Хозяин с гневным выражением лица тут же вырос у него за спиной, но, встретив успокаивающий взгляд Шафранека, отступил.
– Как тебя зовут? – спросил Нафталий, сцепив руки в замок и упершись локтями в столешницу.
– Яромир, пан кукловод.
Шафранек неспешно достал свою коробочку с табаком и тщательно набил обе ноздри. Чихнув, он вернулся к собеседнику, нетерпеливо ерзающему на стуле:
– Сдается мне, Яромир, ты знаешь кое-что о девочке, Анежке Черновой, что пропала два дня тому.

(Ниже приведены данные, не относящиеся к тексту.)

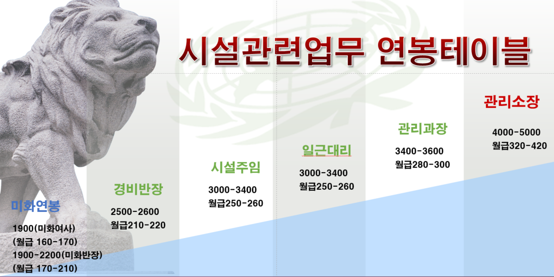 일반회사 행정, 관리업무에서 중년퇴직 후 노후까지 일할 수 있는 직업을 알아 보면서 시설관리 분야로 업종전환을 하였습니다. 시설기사로 여의도 ifc빌딩에 2017년 9월에 입사했으니 만으로 5년 절반이 조금 넘은 시점인 듯 합니다. 2017년 최초 연봉이 2300만원 정도로 기억하는데 세전 195만원 정도 였던것 같습니다. 세후로 따지면 180정도 였는데 4인 가족의 가장으로서 살아 가기에는 너무 부족했던 금액으로 기억합니다. 이제 시간이 지나서 현재는 관리소장을 하고 있고 지난 5년 동안의 시설분야의 직급별 연봉을 알려드리고 이글을 읽는 분들이 한 단계씩 나아가고 성장하는데 도움이 되면 좋겠습니다.
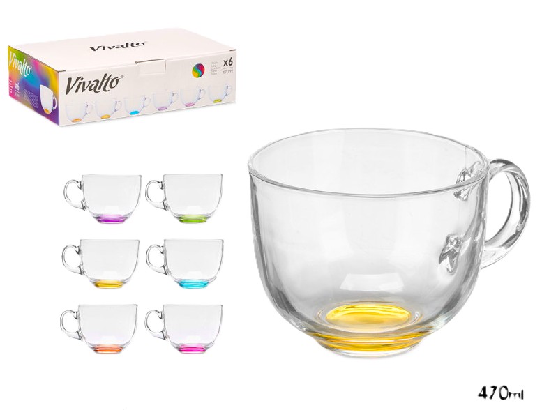 CANECAS VIDRO JUMBO FUNDO COR 6 UNDS 47CL 10463
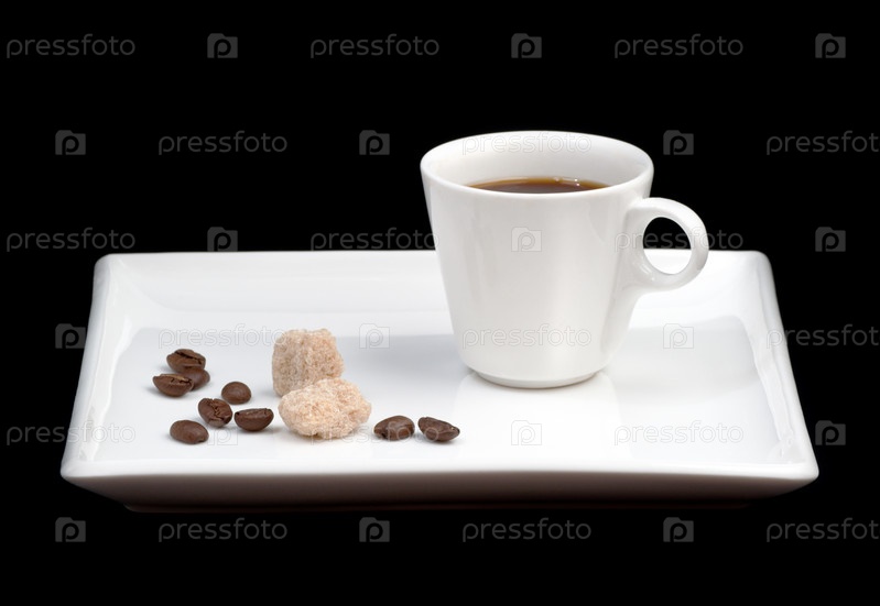 Чашка кофе на белом подносе на черном фоне
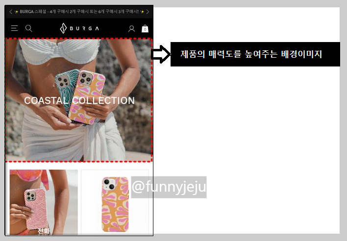 배경이미지를 통한 상품 매력도 증가 ( 출처 : BURGA 홈페이지)
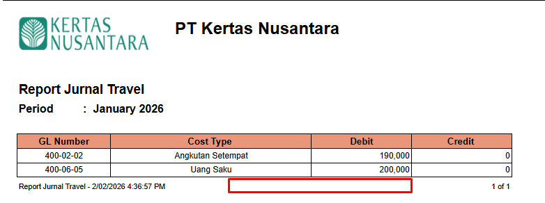 Tolong dibuatkan report Jurnal Travel ya. Designnya sama seperti report Posting To GL (Company) dengan beberapa catatan sebagai berikut:
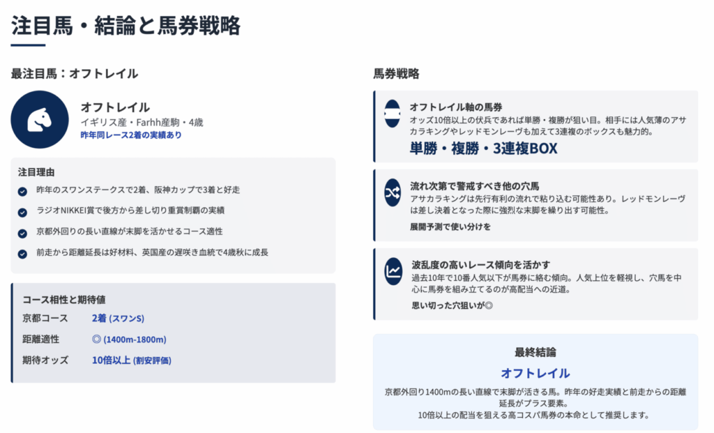 3頭の穴馬候補の中で筆者が最も注目するのはオフトレイルです。昨年の同レースで2着に健闘し、その後も阪神カップ3着と1400m重賞で好走を続けました。今年に入り敗れていますが、それにより人気が大きく落ちることは間違いありません。京都外回り1400mは末脚勝負になりやすく、ラジオNIKKEI賞で見せた豪脚が再び炸裂する可能性があります。英国産の遅咲き血統で4歳秋の成長が見込める点や、前走からの距離延長が好材料である点も心強いです。オッズ10倍以上の伏兵であれば積極的に狙ってみたい一頭と言えるでしょう。
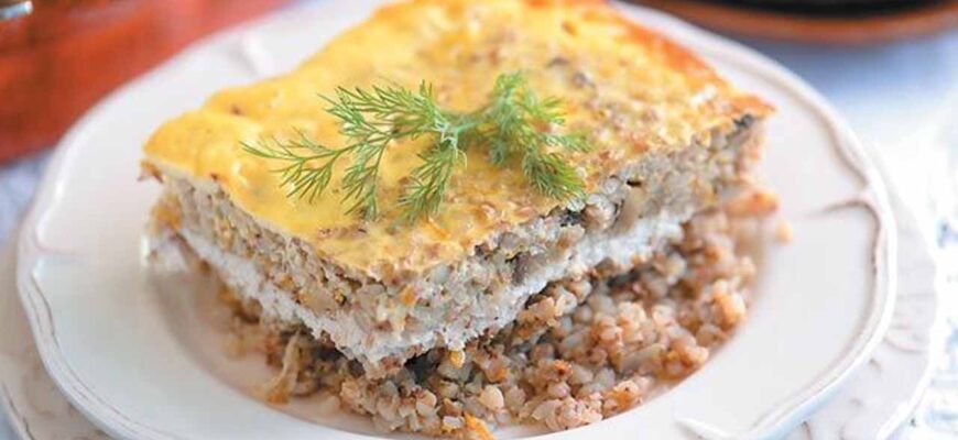 Это блюдо — вариация старинного крупеника, запеканки из гречневой каши, известной в русской кухне не одно столетие. Классический вариант часто был сладким, с творогом, но наша версия — сытная, пикантная, идеальная для современного ужина. Она выручит, когда хочется чего-то основательного, но нет времени на сложные манипуляции.

Яромир прищурился, играя желваками на торчащих скулах.
– А если таки нет? – проговорил он, явно набивая себе цену.
Шафранека это лицедейство оставило равнодушным.
– Батальон велик, Яромир, и на тебе не заканчивается, – без всяких эмоций в голосе произнес он. Босяк поморщился.
– Пан кукловод делает мне больно своим безразличием к молодой судьбе моей.
– До твоей судьбы мне дела нет, – согласился Шафранек. – А до пропавшей Анежки – есть, и большое.
Кажется, прелюдия закончилась. Яромир подался вперед – так, чтобы максимально приблизить голову к голове Шафранека.
– Всего пару часов тому видел карету на Старосинагогальной улице. Кучер шибко спешил. Так спешил, что смекнул я в переулке спрятаться, чтобы на дороге он не хлестнул меня кнутом или не переехал колесами. Спрятавшись, увидел я, когда карета мимо пронеслась, что из окна выпало что-то белое. Ну, как уехали, я обратно на дорогу вернулся. Поднял. Платок оказался. С кружевом и вышитым вензелем «АЧ». Не о том ли хотел знать пан кукловод?
– Где платок? – спросил молчавший до того Атанасиус.
Яромир бросил на него недоверчивый взгляд, вопросительно глянув на Шафранека. Тот кивнул.
– Я не взял. Он был нечистый. В крови.
Шафранек достал и положил на стол еще монету, накрыв ее ладонью. Глаза босяка жадно разгорелись.
– Куда направлялась карета? – спросил Нафталий.
Яромир пожал плечами.
– Вниз от Староновой синагоги. Почем мне знать? Свернула куда-то, не доехав дома старого Шема Прокопа.
Взгляд его, блуждающий и горящий, то и дело скользил по недвижной ладони Шафранека. Тот, удовлетворившись ответом, ладонь убрал. Монета пролежала свободно менее секунды – быстрым движением Яромир подхватил ее, упрятав в кулаке. Нафталий кивком отпустил босяка, и тот тут же растворился в клубах дыма, точно привидение, смешавшись с танцующей толпой. Визгливые стоны рассохшейся скрипки и сиплое подвывание маленькой гармоники приводили толпу в некое хаотичное движение, которое из-за дыма и слабого освещения казалось совсем уж несуразным. Ангелика сидела неподвижно, бледная. В голове ее колоколом били слова Яромира: «Он был нечистый. В крови».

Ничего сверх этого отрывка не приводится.